The housing 2 has a rectangular parallelepiped shape as a whole. As shown in fig. 3 to 5, the housing 2 includes columns 21 to 26 and partition walls 31 to 36. The partition walls 31 to 36 are attached to the columns 21 to 26 extending in the vertical direction, and the internal space of the casing 2 is substantially sealed from the external space.

More specifically, as shown in fig. 4, the columns 21 to 24 are arranged in this order from the left side to the right side at the front end portion of the housing 2. The columns 22, 23 arranged between the columns 21 and 24 are shorter than the columns 21 and 24. Posts 25, 26 are disposed upright on the left and right sides of the rear end portion of the housing 2.

As shown in fig. 3, a partition wall 31 is disposed at the bottom of the case 2, and a partition wall 32 is disposed at the top. As shown in fig. 4, the partition wall 33 is disposed at the front end portion, the partition wall 34 is disposed at the rear end portion, the partition wall 35 is disposed at the left end portion, and the partition wall 36 is disposed at the right end portion. A mounting portion 53 (see fig. 3) on which an aligner 54 to be described later is mounted is provided at the right end portion of the housing 2. The aligner 54 and the placement unit 53 are also housed inside the case 2 (see fig. 4).

As shown in fig. 3 and 5, a support plate 37 extending in the horizontal direction is disposed in an upper portion (above the columns 22 and 23) in the housing 2. Thereby, the inner portion of the housing 2 is divided into the above-described conveyance chamber 41 formed on the lower side and the FFU installation chamber 42 formed on the upper side. An FFU (fan filter unit) 44 described later is disposed in the FFU installation chamber 42. An opening 37a for communicating the conveyance chamber 41 with the FFU installation chamber 42 is formed in the central portion of the support plate 37 in the front-rear direction. The partition walls 33 to 36 of the housing 2 are divided into a lower wall for the conveyance chamber 41 and an upper wall for the FFU installation chamber 42 (see, for example, the partition walls 33a and 33b at the front end and the partition walls 34a and 34b at the rear end in fig. 5).

Next, the structure of the interior of the housing 2 will be described.

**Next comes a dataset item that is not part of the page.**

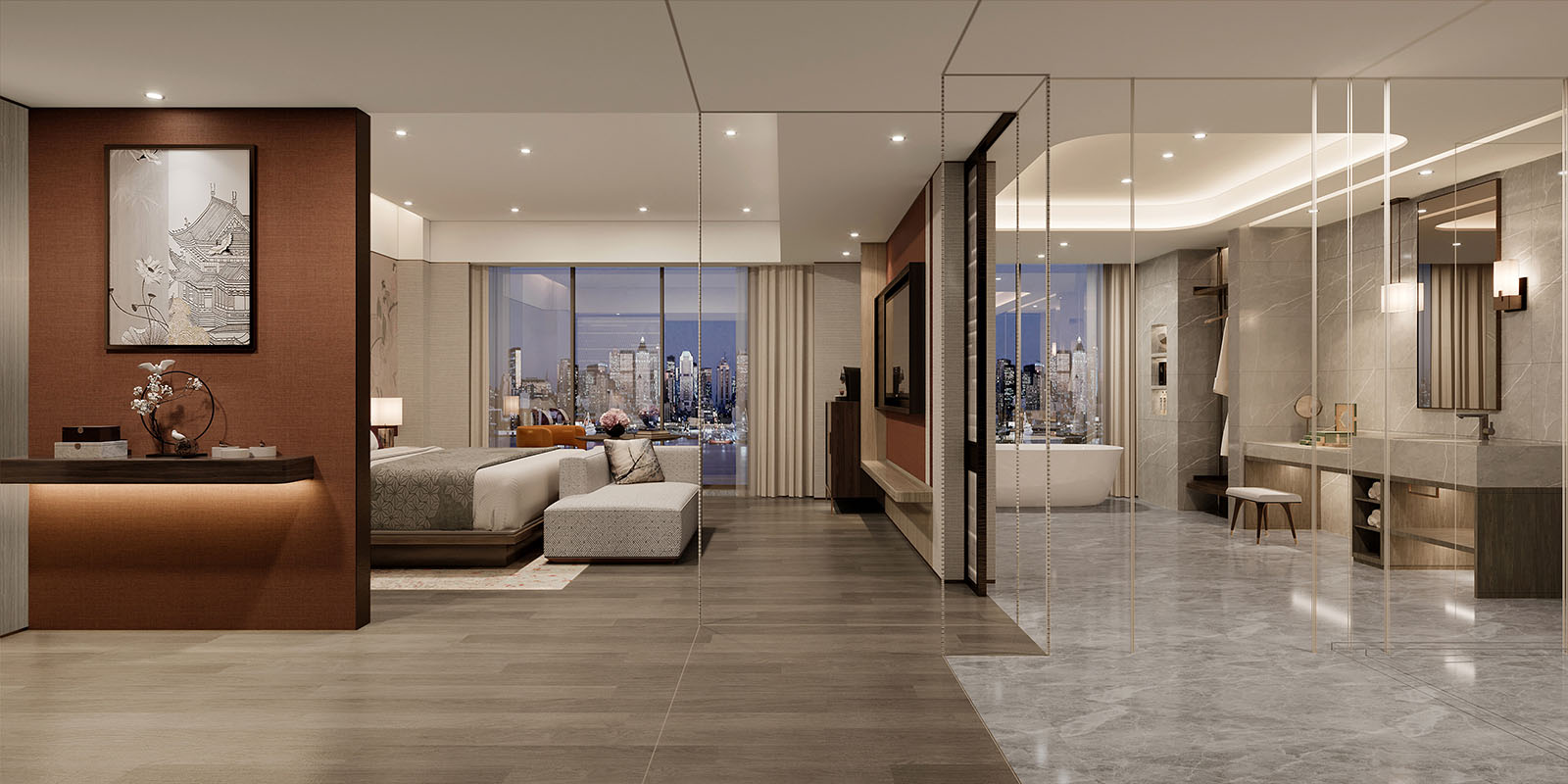 項目建筑面積約12000㎡,酒店室內裝修采用綠可裝配式整裝體...

Specifically, a structure for circulating nitrogen in the housing 2, a peripheral structure thereof, and equipment disposed in the transfer chamber 41 will be described.

The structure for circulating nitrogen in the case 2 and the peripheral structure thereof will be described with reference to fig. 3 to 5. As shown in fig. 5, a circulation passage 40 for circulating nitrogen is formed in the case 2. The circulation path 40 is constituted by a conveyance chamber 41, an FFU installation chamber 42, and a return path 43. In summary, in the circulation path 40, clean nitrogen is sent downward from the FFU installation chamber 42, reaches the lower end of the transport chamber 41, and then rises through the return path 43 to return to the FFU installation chamber 42 (see an arrow in fig. 5). Hereinafter, the description will be made in detail.

The FFU installation chamber 42 is provided with an FFU 44 disposed on the support plate 37 and a chemical filter 45 disposed on the FFU 44. The FFU 44 has a fan 44a and a filter 44b. The FFU 44 sends nitrogen in the FFU installation chamber 42 downward by the fan 44a, and removes particles (not shown) contained in the nitrogen by the filter 44b. The chemical filter 45 is used to remove, for example, the reactive gas or the like carried from the substrate processing apparatus 6 into the circulation passage 40. Nitrogen purified by the FFU 44 and the chemical filter 45 is sent out from the FFU setting chamber 42 to the transport chamber 41 through the opening 37a formed in the support plate 37. The nitrogen sent out to the transport chamber 41 forms a laminar flow and flows downward.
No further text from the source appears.